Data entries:
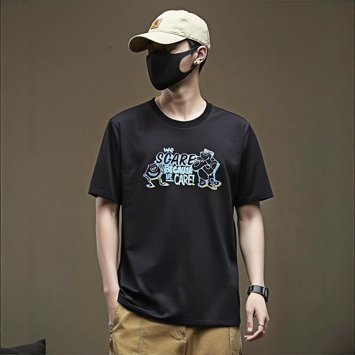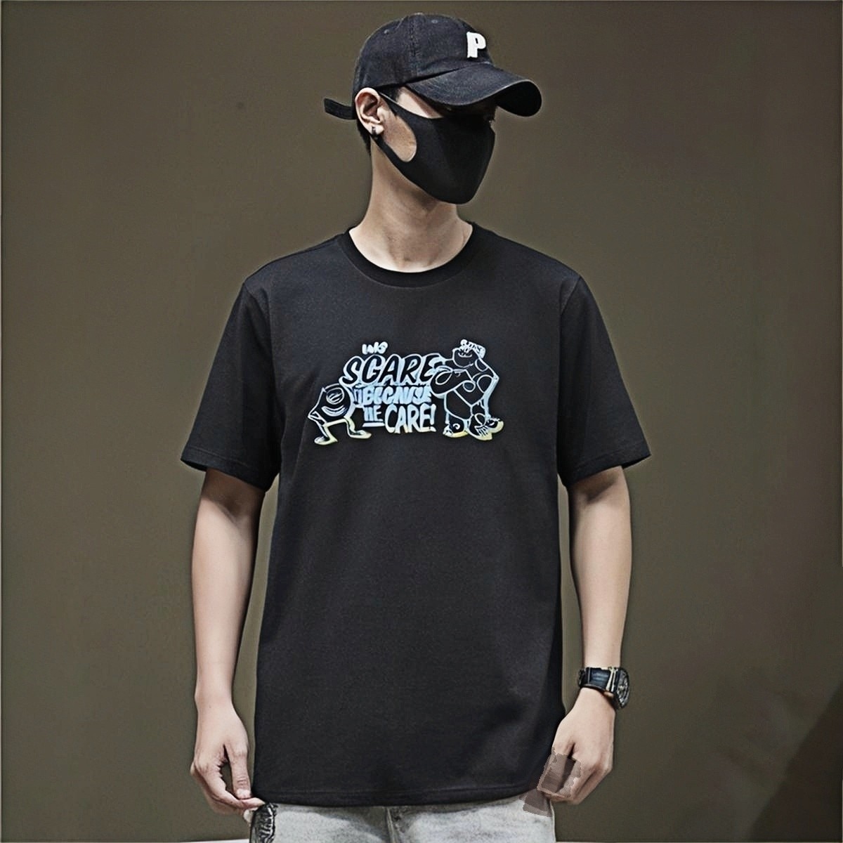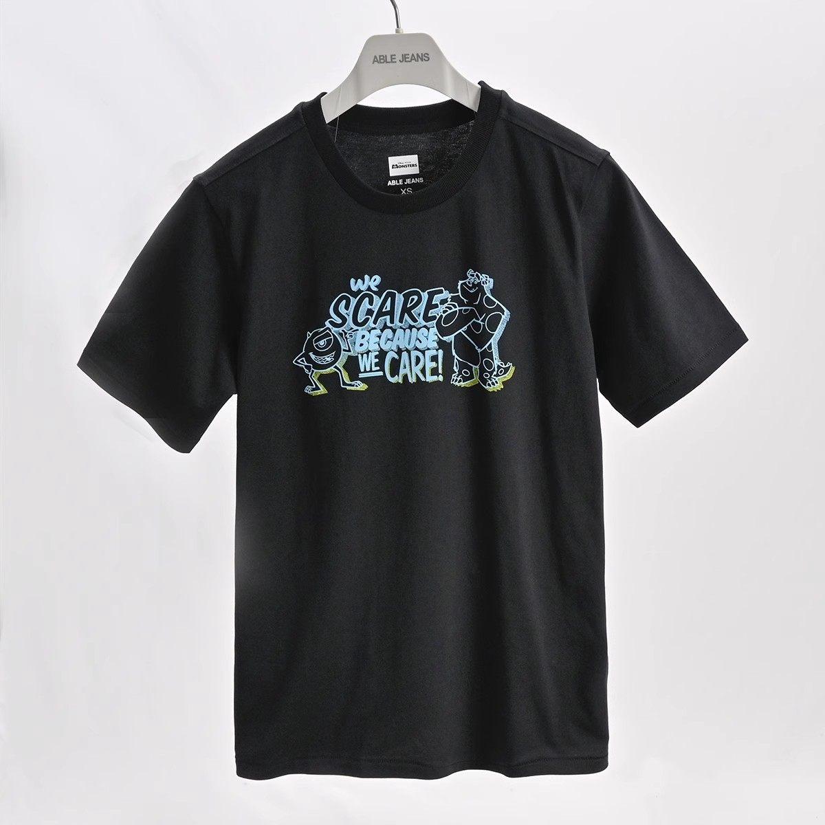 怪物学院联名ABLEJEANS短袖T恤男女纯棉休闲圆领夏季黑色上衣潮流
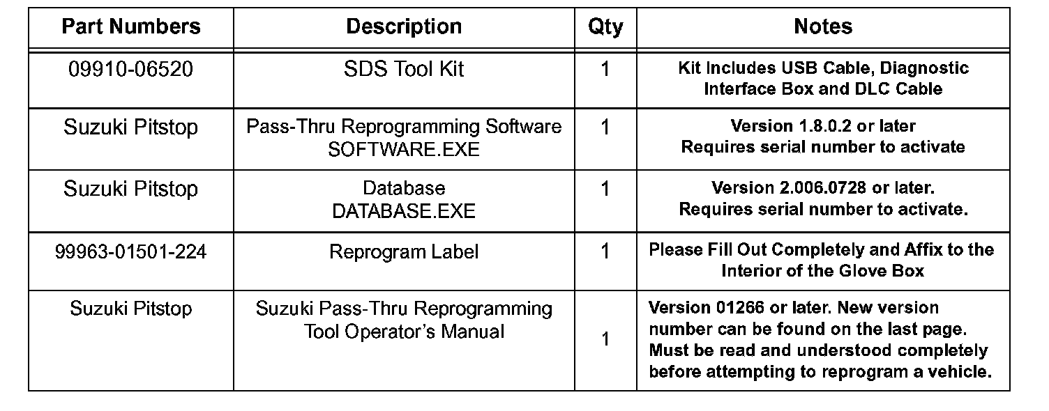 3. Following the procedure outlined in the Suzuki Pass-Thru Reprogramming Tool Operator's Manual, download and install the Pass-Thru Reprogramming Software "SOFTWARE.EXE" (if it is not already installed).
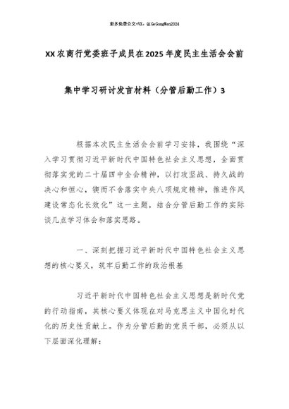 【七哥公文】2026年:XX农商行党委班子成员在2025年度民主生活会会前集中学习研讨发言材料(分管后勤工作)3_副本+更多免费公文+VX:QiGeGongWen2024
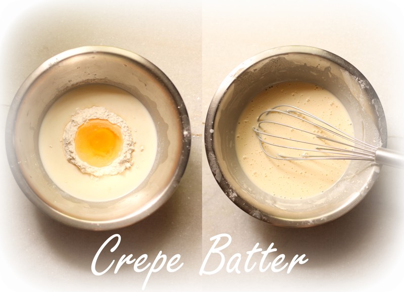 Heat a heavy 9 inch frying pan and grease it with some butter. (Keep the heat med-low). Pour 1/6 th of the batter in it. Tilt the pan to move the batter around so that it covers the entire base. Cook till it is golden and the sides of the crepe start rising. Now flip it over and cook the other side as well. Set aside. Repeat the process to get 6 crepes.
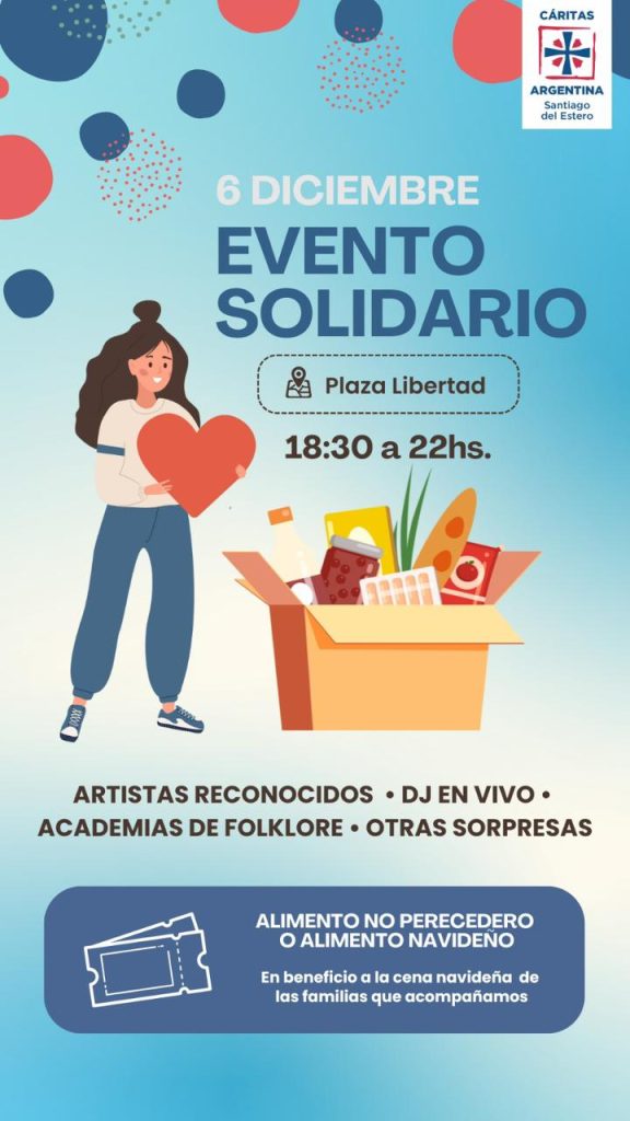 La entrada será un alimento no perecedero o un producto navideño, destinado a las canastas que Cáritas entregará a las familias antes de Navidad.
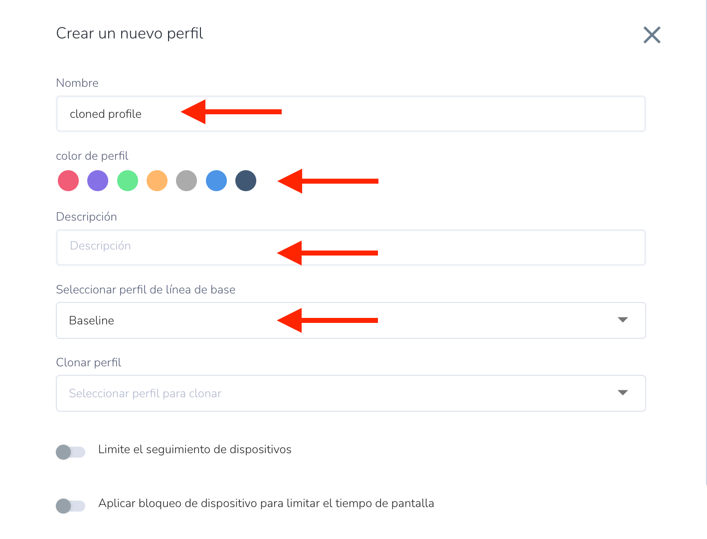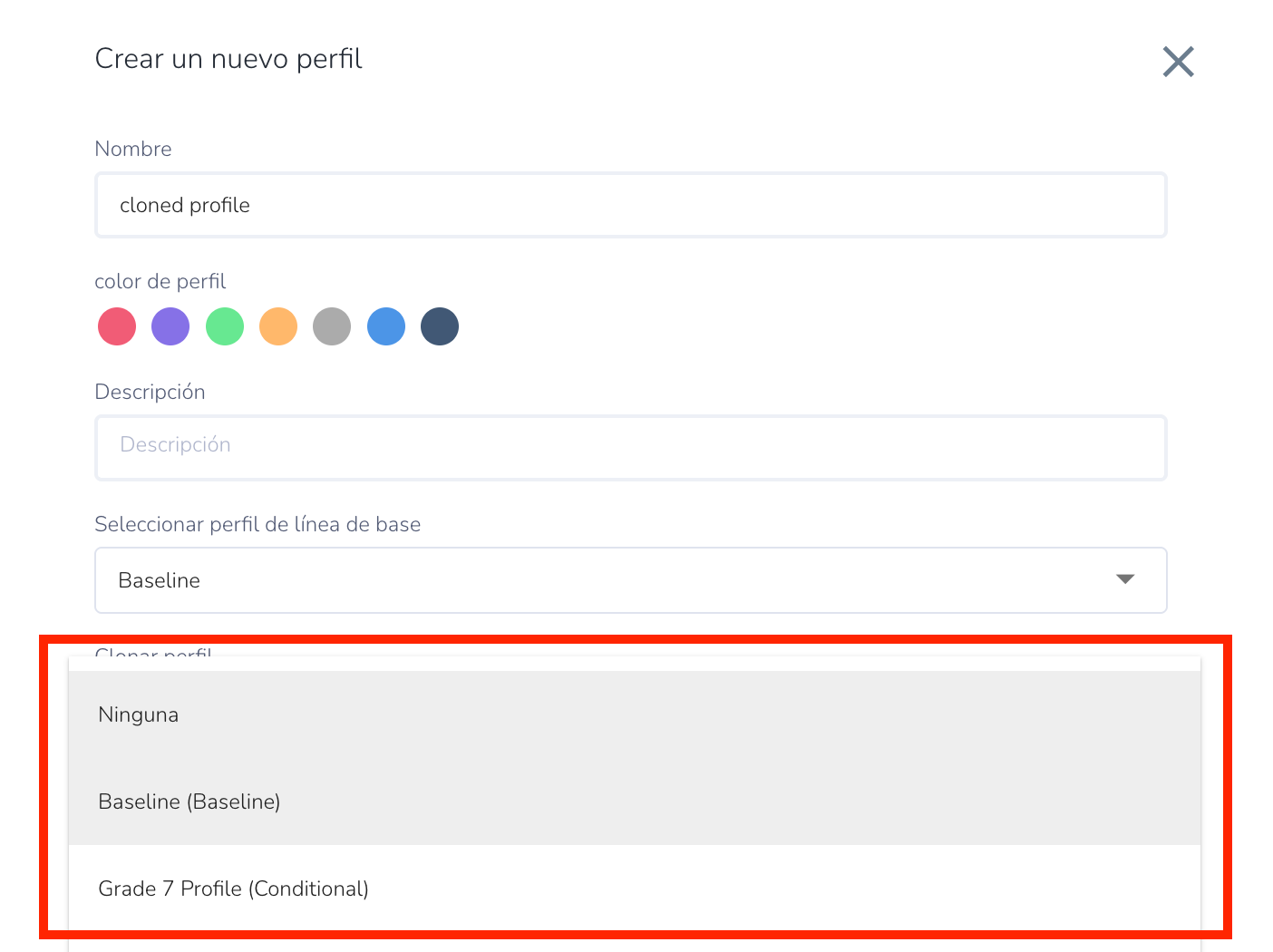 - Perfil base (Baseline) con el que desea asociarlo (opcional)

▶ Activity: Please print each record above again exactly, but omit any pictures.

▶ Response to this exercise:
 怪物学院联名ABLEJEANS短袖T恤男女纯棉休闲圆领夏季黑色上衣潮流
 3. Following the procedure outlined in the Suzuki Pass-Thru Reprogramming Tool Operator's Manual, download and install the Pass-Thru Reprogramming Software "SOFTWARE.EXE" (if it is not already installed).
 【七哥公文】2026年:XX农商行党委班子成员在2025年度民主生活会会前集中学习研讨发言材料(分管后勤工作)3_副本+更多免费公文+VX:QiGeGongWen2024
 Heat a heavy 9 inch frying pan and grease it with some butter. (Keep the heat med-low). Pour 1/6 th of the batter in it. Tilt the pan to move the batter around so that it covers the entire base. Cook till it is golden and the sides of the crepe start rising. Now flip it over and cook the other side as well. Set aside. Repeat the process to get 6 crepes.
 La entrada será un alimento no perecedero o un producto navideño, destinado a las canastas que Cáritas entregará a las familias antes de Navidad.
 - Perfil base (Baseline) con el que desea asociarlo (opcional)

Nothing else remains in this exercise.